» DATA SEGMENT:
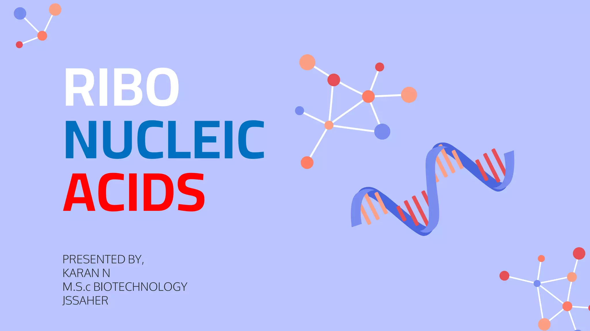 RNA plays important roles in coding, decoding, regulating, and expressing genes. The three main types of RNA are messenger RNA (mRNA), transfer RNA (tRNA), and ribosomal RNA (rRNA). mRNA comprises 5% of cellular RNA and carries coding information from DNA to sites of protein synthesis. tRNA transports amino acids to ribosomes and ensures the correct amino acid is added through complementary base pairing. rRNA makes up 80% of cellular RNA and is a major component of ribosomes, facilitating protein synthesis.
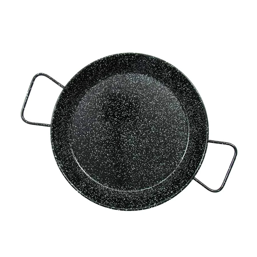 This paella pan is enamelled with a coating of vitreo-ceramic, protecting the pan from rust. The enamel also prevents food sticking – try to avoid using sharp utensils to preserve the pan’s non-stick qualities.Â
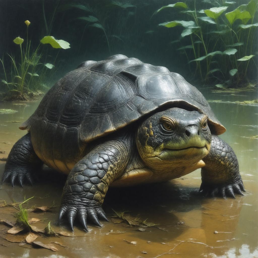 "Generate an image of a large, rough-shelled snapping turtle, specifically Chelydra serpentina, with a powerful jaw and aggressive expression, in a freshwater habitat in North America, surrounded by aquatic plants and with a nocturnal atmosphere, in a realistic style."
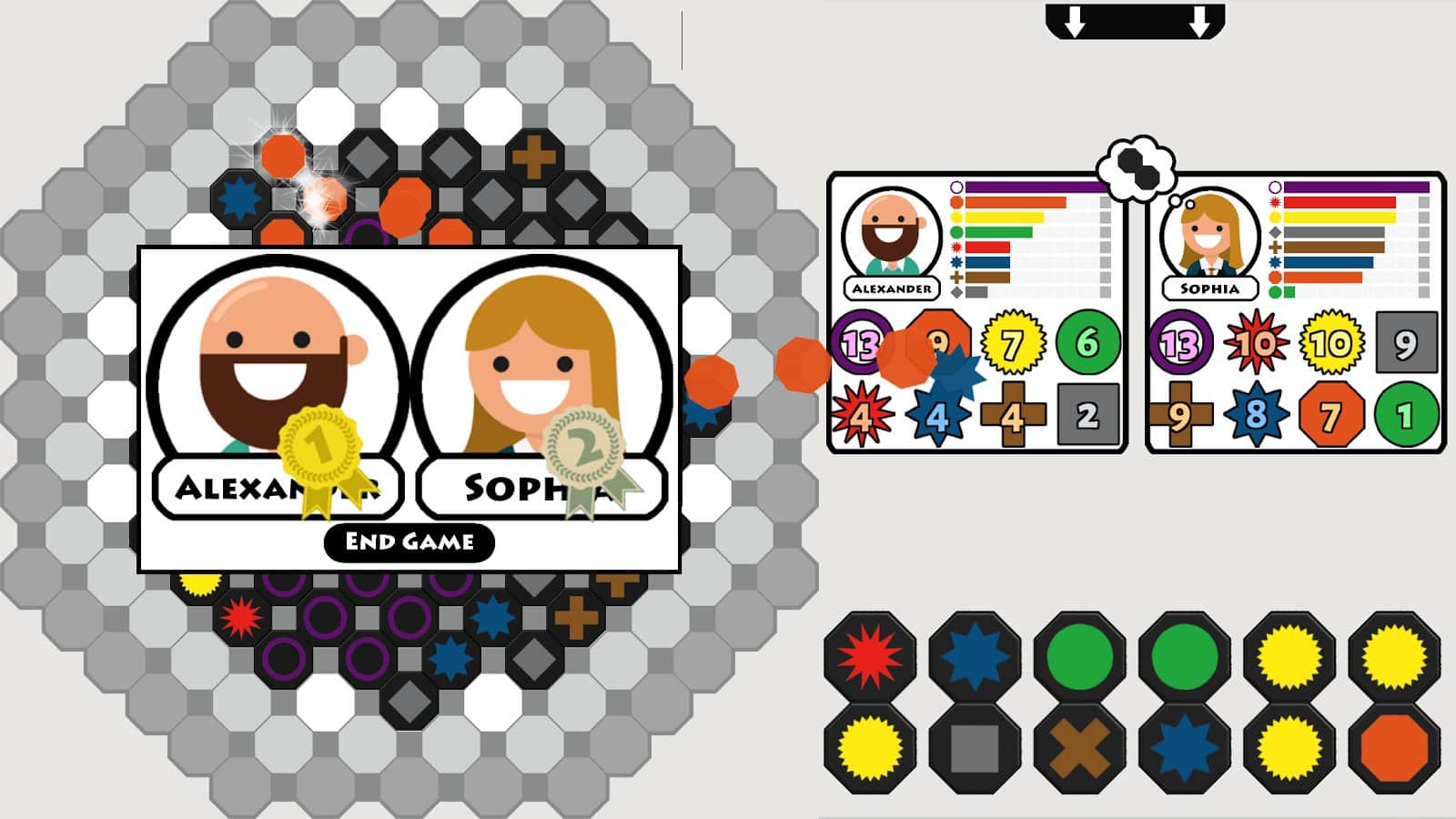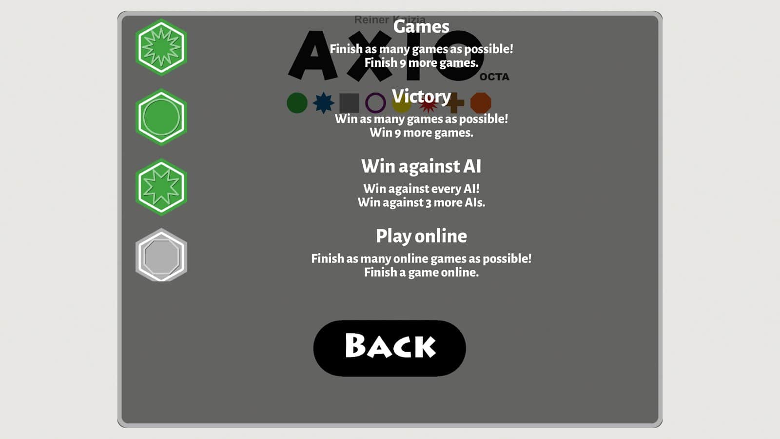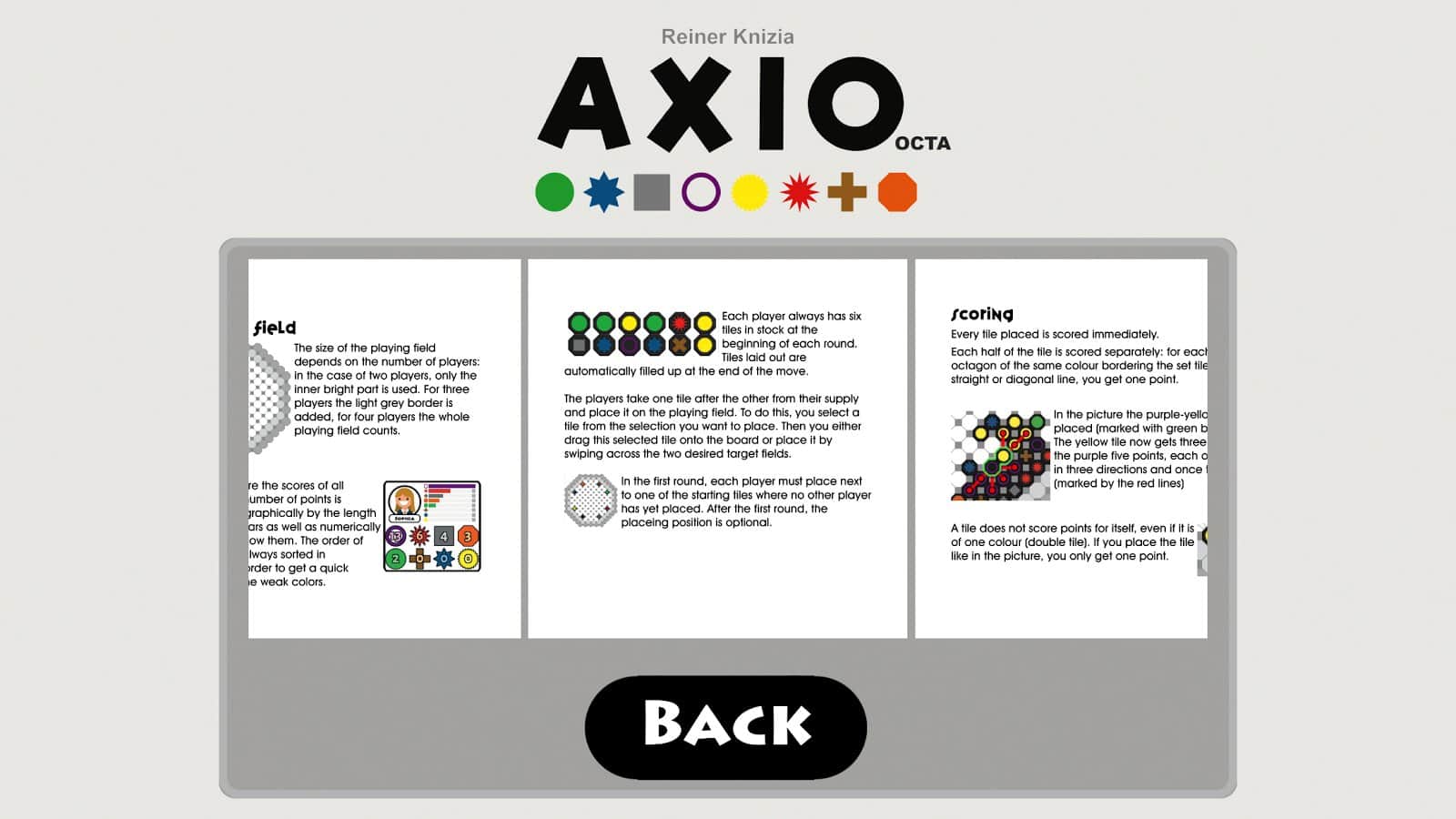 AXIO octa - настольная игра с пошаговым геймплеем в которой ваша задача шаг за шагом выкладывать на игровое поле разноцветные плитки, каждый цвет оценивается в определенное количество очков, чем больше плиток одного цвета находятся рядом тем больше очков вы заработаете. Главная цель игры получить наибольшее количество очков. Игровая механика сочетает в себе целый ряд элементов из различных настольных игр, при этом разработчикам удалось довольно гармонично объединить все элементы в одной игре.

» WORK REQUIRED: Omitting the images, copy the listing exactly.

» ANSWER FOR THIS EXERCISE:
 RNA plays important roles in coding, decoding, regulating, and expressing genes. The three main types of RNA are messenger RNA (mRNA), transfer RNA (tRNA), and ribosomal RNA (rRNA). mRNA comprises 5% of cellular RNA and carries coding information from DNA to sites of protein synthesis. tRNA transports amino acids to ribosomes and ensures the correct amino acid is added through complementary base pairing. rRNA makes up 80% of cellular RNA and is a major component of ribosomes, facilitating protein synthesis.
 This paella pan is enamelled with a coating of vitreo-ceramic, protecting the pan from rust. The enamel also prevents food sticking – try to avoid using sharp utensils to preserve the pan’s non-stick qualities.Â
 "Generate an image of a large, rough-shelled snapping turtle, specifically Chelydra serpentina, with a powerful jaw and aggressive expression, in a freshwater habitat in North America, surrounded by aquatic plants and with a nocturnal atmosphere, in a realistic style."
 AXIO octa - настольная игра с пошаговым геймплеем в которой ваша задача шаг за шагом выкладывать на игровое поле разноцветные плитки, каждый цвет оценивается в определенное количество очков, чем больше плиток одного цвета находятся рядом тем больше очков вы заработаете. Главная цель игры получить наибольшее количество очков. Игровая механика сочетает в себе целый ряд элементов из различных настольных игр, при этом разработчикам удалось довольно гармонично объединить все элементы в одной игре.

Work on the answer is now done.